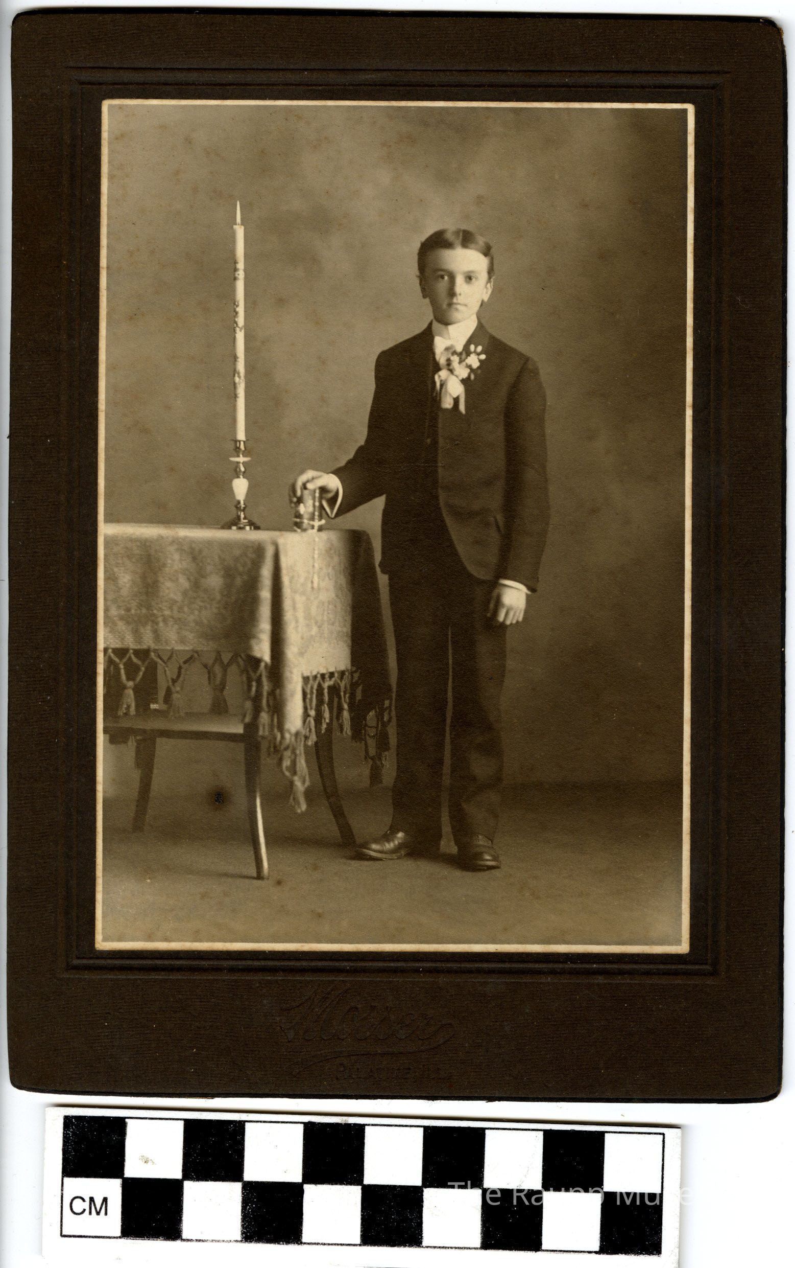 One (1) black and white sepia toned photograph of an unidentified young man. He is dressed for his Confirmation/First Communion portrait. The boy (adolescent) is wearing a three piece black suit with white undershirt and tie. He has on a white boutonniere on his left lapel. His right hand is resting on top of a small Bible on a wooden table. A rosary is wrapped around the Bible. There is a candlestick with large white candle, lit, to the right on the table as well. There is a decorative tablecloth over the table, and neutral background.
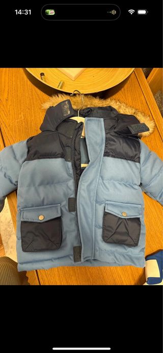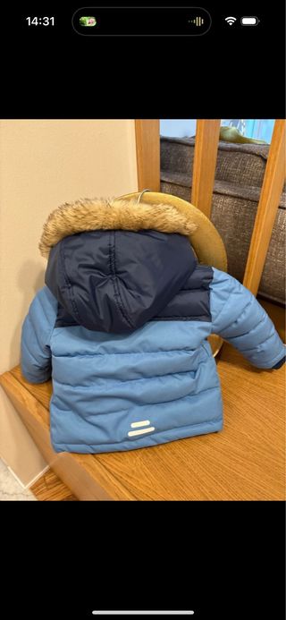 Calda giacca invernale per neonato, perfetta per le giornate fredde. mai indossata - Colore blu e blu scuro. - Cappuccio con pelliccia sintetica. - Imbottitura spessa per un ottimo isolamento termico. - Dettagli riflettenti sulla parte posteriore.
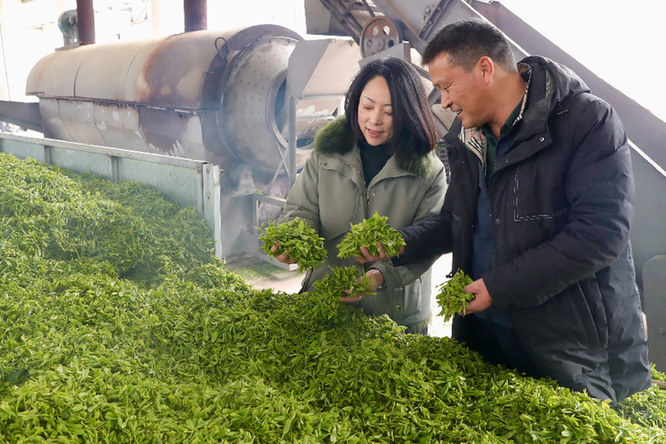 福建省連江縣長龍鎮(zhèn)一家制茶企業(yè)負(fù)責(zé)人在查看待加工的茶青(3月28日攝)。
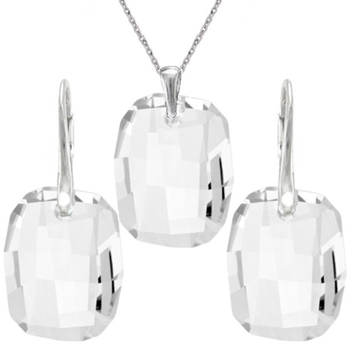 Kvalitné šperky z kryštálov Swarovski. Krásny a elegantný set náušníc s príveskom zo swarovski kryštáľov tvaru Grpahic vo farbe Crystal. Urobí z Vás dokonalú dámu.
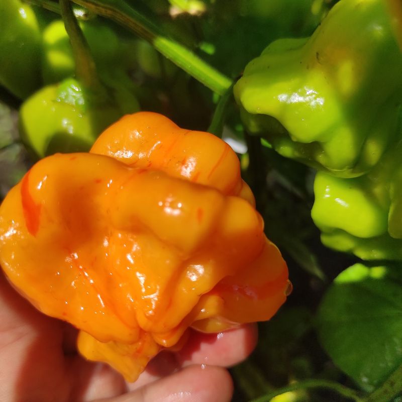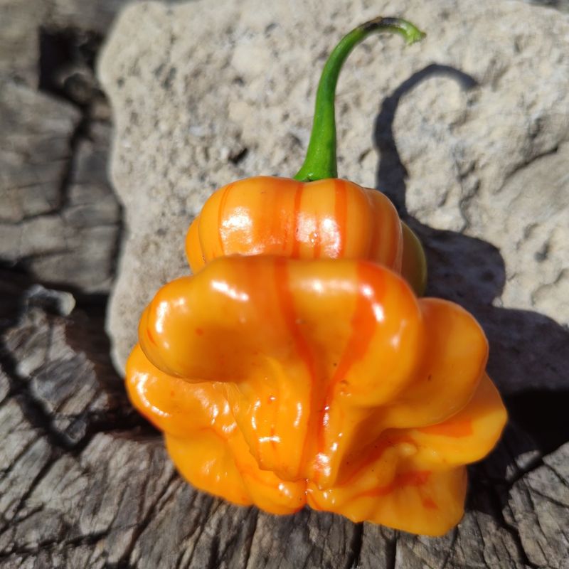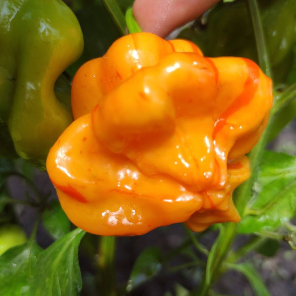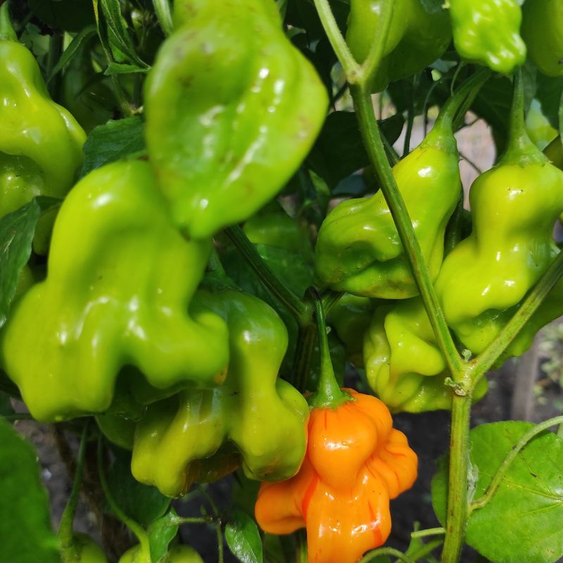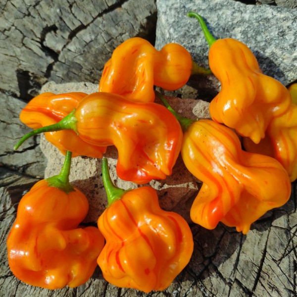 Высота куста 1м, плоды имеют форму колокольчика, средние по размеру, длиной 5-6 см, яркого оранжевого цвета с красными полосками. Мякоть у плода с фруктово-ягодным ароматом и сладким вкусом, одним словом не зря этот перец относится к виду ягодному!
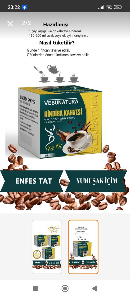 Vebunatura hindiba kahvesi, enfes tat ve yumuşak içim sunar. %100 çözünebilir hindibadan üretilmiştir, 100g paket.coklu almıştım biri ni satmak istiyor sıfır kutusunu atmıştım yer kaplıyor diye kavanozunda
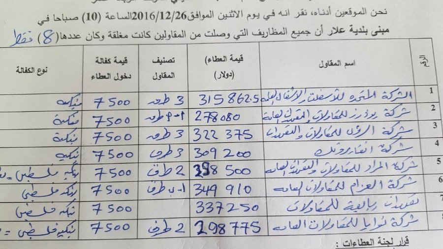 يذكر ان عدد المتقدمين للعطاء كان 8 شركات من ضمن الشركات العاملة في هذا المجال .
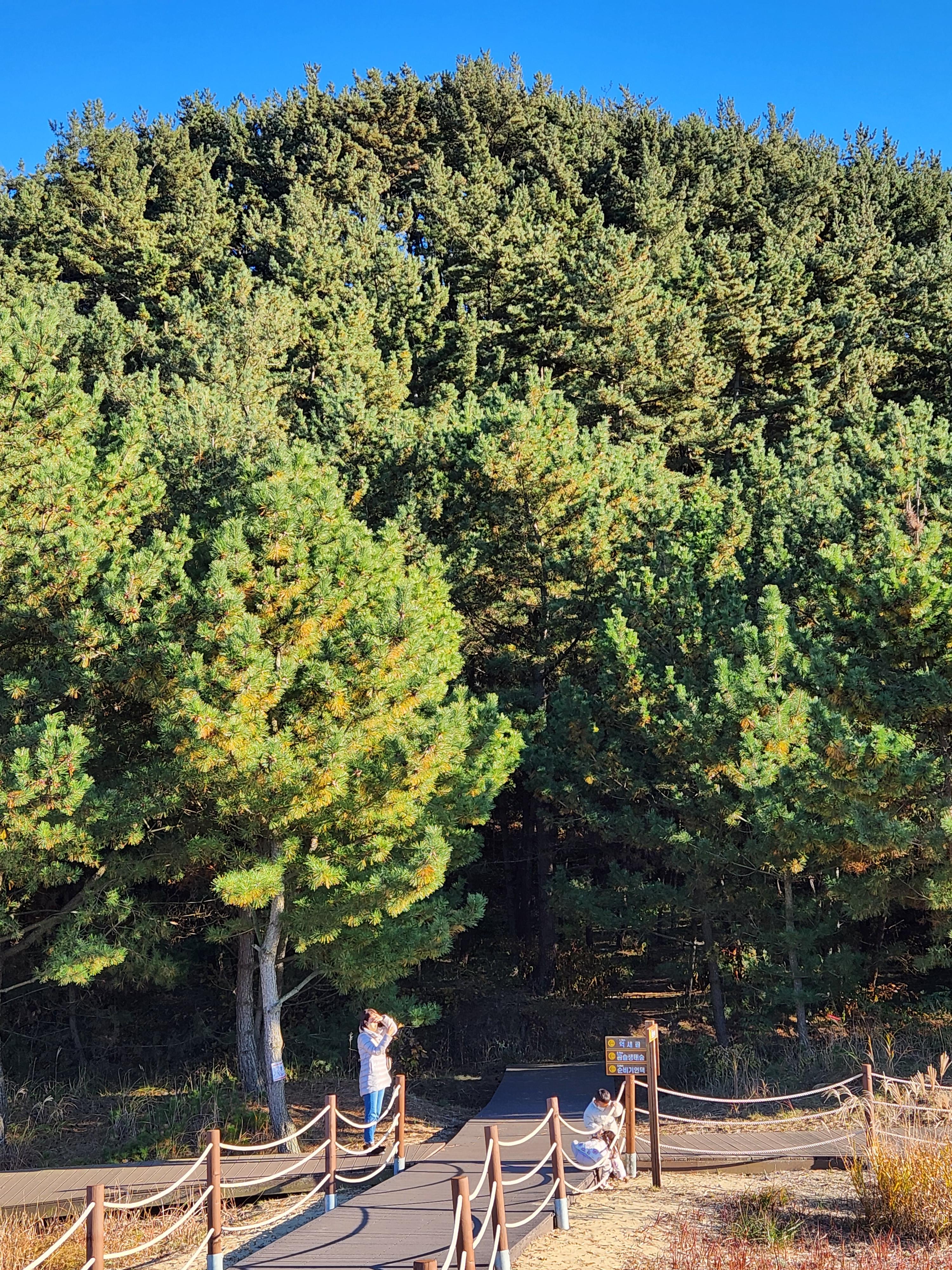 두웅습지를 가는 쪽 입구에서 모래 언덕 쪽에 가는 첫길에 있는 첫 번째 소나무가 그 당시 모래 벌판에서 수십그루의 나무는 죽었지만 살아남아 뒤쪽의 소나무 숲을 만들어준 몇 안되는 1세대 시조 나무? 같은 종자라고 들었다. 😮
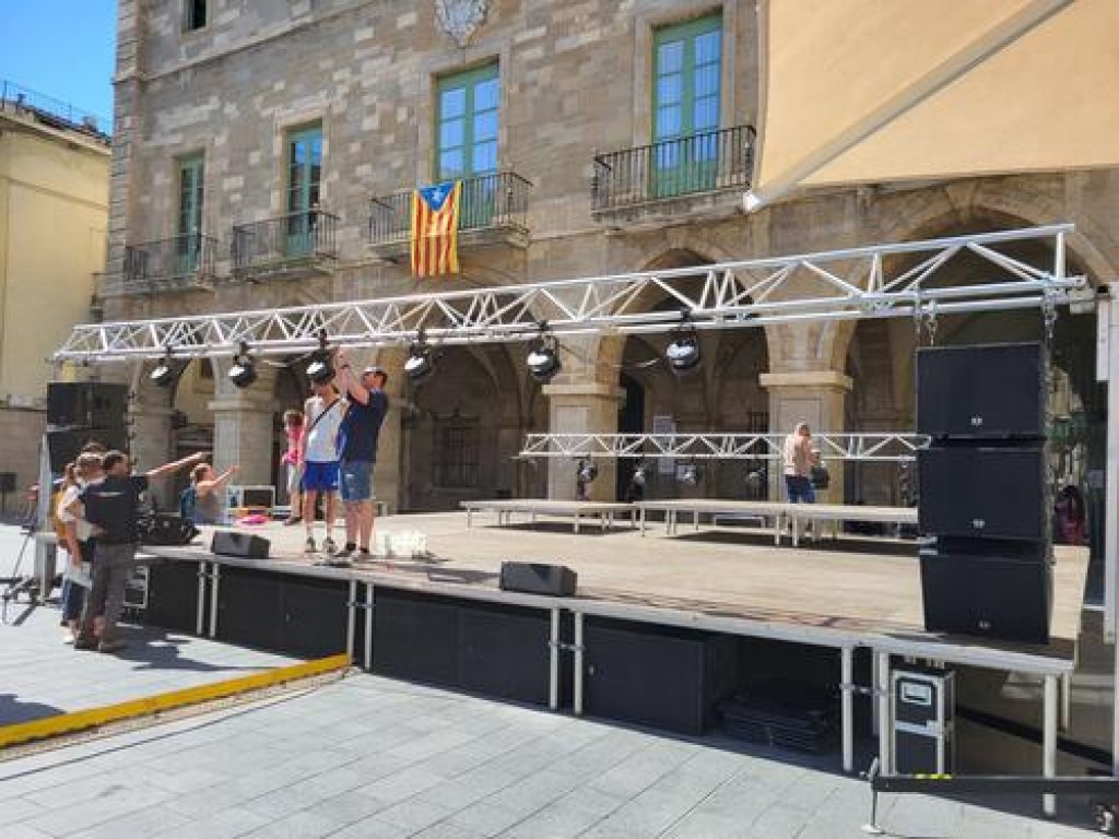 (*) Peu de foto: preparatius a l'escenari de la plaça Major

> **Problem description**
Beginning with the line that contains "두웅습지를 가는 쪽 입구에서", write out every line through the last one in the records, exactly and without pictures.

> **Final answer**
 두웅습지를 가는 쪽 입구에서 모래 언덕 쪽에 가는 첫길에 있는 첫 번째 소나무가 그 당시 모래 벌판에서 수십그루의 나무는 죽었지만 살아남아 뒤쪽의 소나무 숲을 만들어준 몇 안되는 1세대 시조 나무? 같은 종자라고 들었다. 😮
 (*) Peu de foto: preparatius a l'escenari de la plaça Major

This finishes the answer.